Und wie soll diese neue AHV, dieses bedingte Grundeinkommen, finanziert werden?
Wir können nur schätzen, aber wir gehen davon aus, dass die jährlichen Kosten für die AHV durch die Abschaffung der Giesskanne eher kleiner als grösser werden.
Wenn auch 1948 der Generationenvertrag eine ausgezeichnete Lösung war, so braucht es heute eine neue Finanzierungsgrundlage.
Wenn 1948 mit viel Händewerk durch die damaligen Erwerbstätigen besteuerte Löhne erwirtschaftet wurden, die auch noch viel AHV-Abgaben einbrachten, so wird heute sehr viel Arbeit und Dienstleistung durch die Digitalisierung übernommen, von Robotern geleistet.  
Wenn so eine Software oder eine Maschine ihre Gestehungskosten eingespielt hat, verdient sie ihr Geld weiter für ihre Unternehmung und damit entzieht sich einer direkte Besteuerung und die Abgabe an die AHV entfallen und fehlen.

Eine Robotersteuer könnte in die AHV fliessen und so die neuen wirtschaftlichen Wirklichkeiten abbilden.

Nach unserer Sicht wäre hier ein Potential für eine neue Steuer, die allzu lange nicht eingezogen wurde.

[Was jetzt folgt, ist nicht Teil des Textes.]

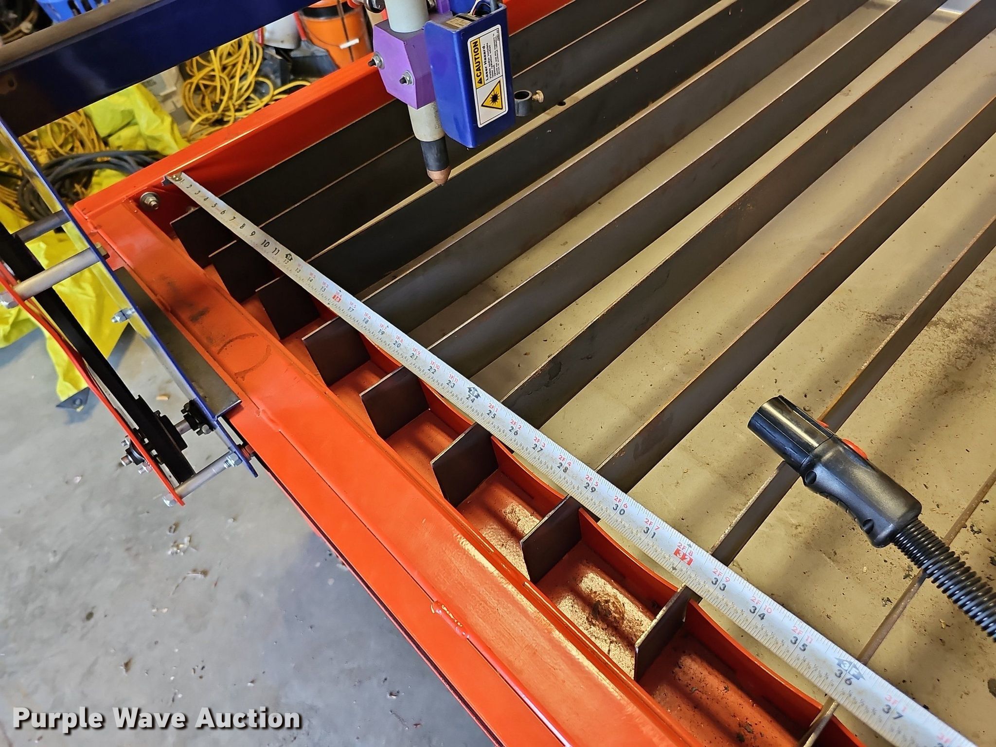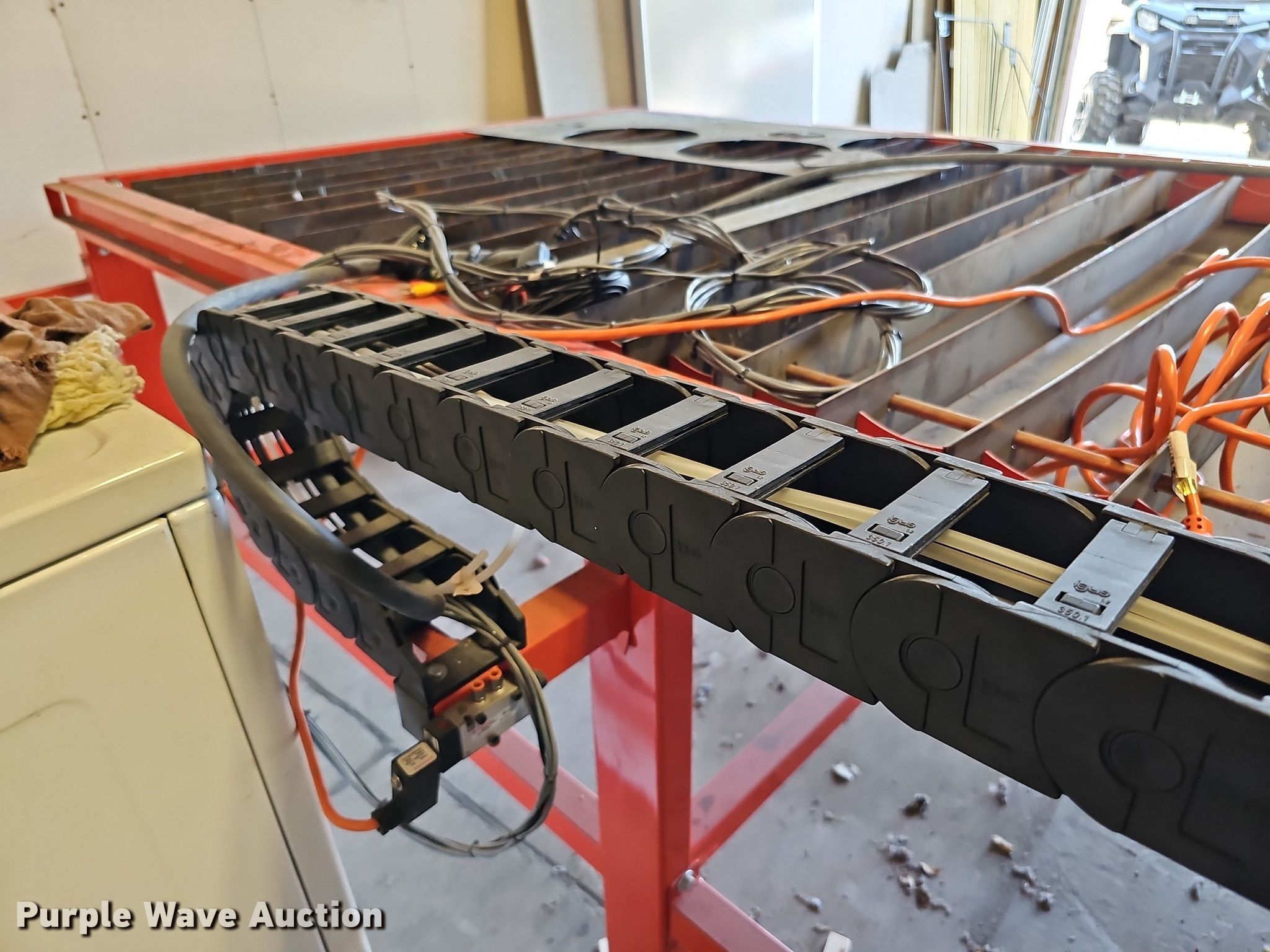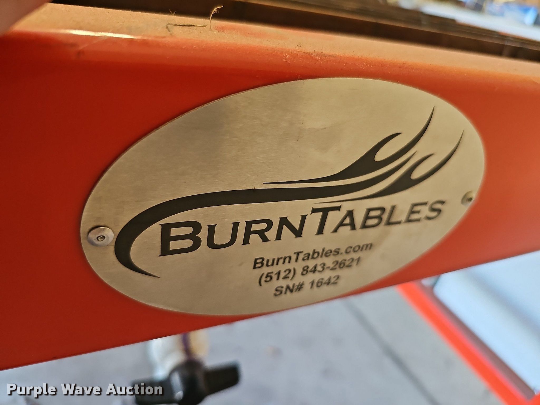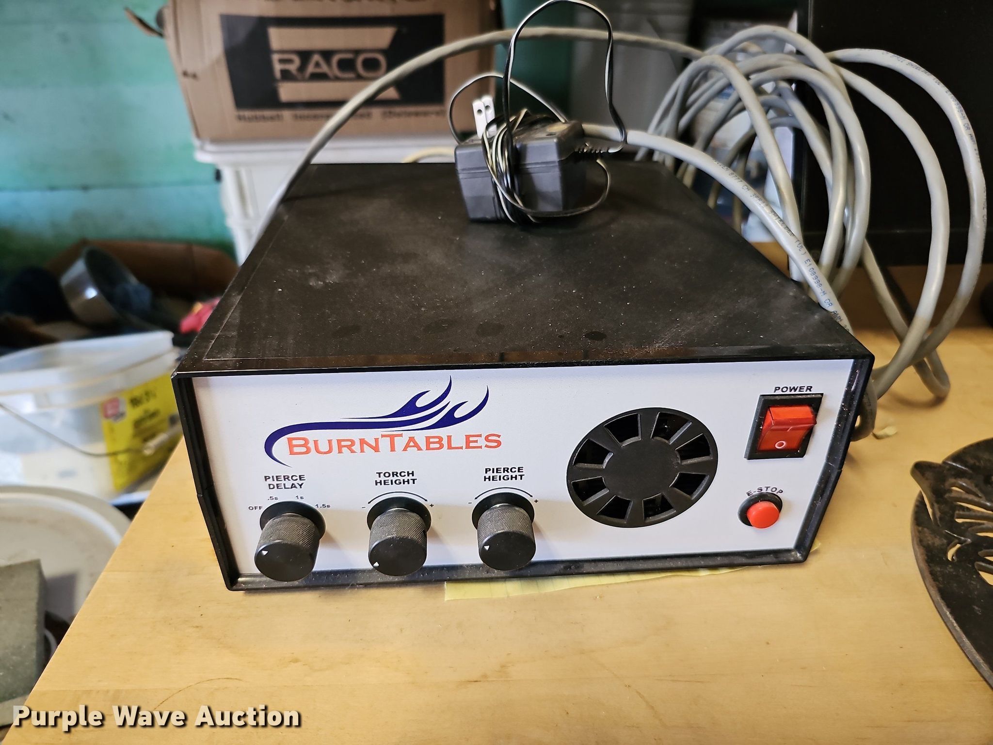 2015 Burn Tables plasma cutting table. Serial: 1642. Electric Motor Volts: 110. Features Overall: 9'5" L x 72" W x 65" H, Table: 9' L x 53.5" W, Desk: 48" L x 25" W x 36" H , PowerMax 85 Hypertherm plasma cutter, (6) plasma cutting tips Unused, Rolling cart, Monitor, Hard drive , Manual. 15299 Chandler Road. Omaha, NE 68138

Eine Robotersteuer oder andere in dieser Richtung gehende Steuereinnahmen könnten in die AHV fliessen und so die neuen wirtschaftlichen Wirklichkeiten abbilden.
Das Geld, das durch die Digitalisierung verdient wird, fliesst unter oben beschriebenen Bedingungen sehr oft in die Nachlässe von sehr grossen Vermögen. Ein erneuter Anlauf für eine Erbschaftssteuer der sehr grossen Vermögen wäre ein anderes Potential um die AHV zu konsolidieren.

Der Generationenvertrag würde weiter mithelfen die AHV-Kasse zu füllen, es dürfte aber keinesfalls die Arbeit noch mehr belasten als sie heute schon ist. Das Umlageverfahren ist eine grossartige Möglichkeit, um nicht noch mehr Geld auf Haufen zu legen, wie es die Pensionskassen schon tun.
Seit 1948 ist aus der armen Schweiz eines der reichsten Länder geworden. Die Anstrengung wäre keine so grosse und die Schweiz wäre nicht nur ein reiches Land, sondern ein gerechteres als viele andere.

Und warum sollte so ein Neuanfang der AHV eine Mehrheit finden?
Weil ein bedingtes Grundeinkommen für Rentner und Rentnerinnen viele Probleme unseres Sozialsystems aus dem Weg schaffen könnten.
Weil wir alle verantwortlich sind, dass Zukunftsängste unsere Schaffenskraft nicht mindert.
Weil ein gerechter Gesellschaftsvertrag eine gegenseitige Genugtuung ergibt und wir eine stolze Gesellschaft sind.

Rosemarie Thalmann-Zemp und Werner Bachmann sind Mitglieder der IP Zentralschweiz, die sich am 28.10.2017 in einer ausführlichen Dialog-Veranstaltung mit der Zukunft der AHV befasst haben.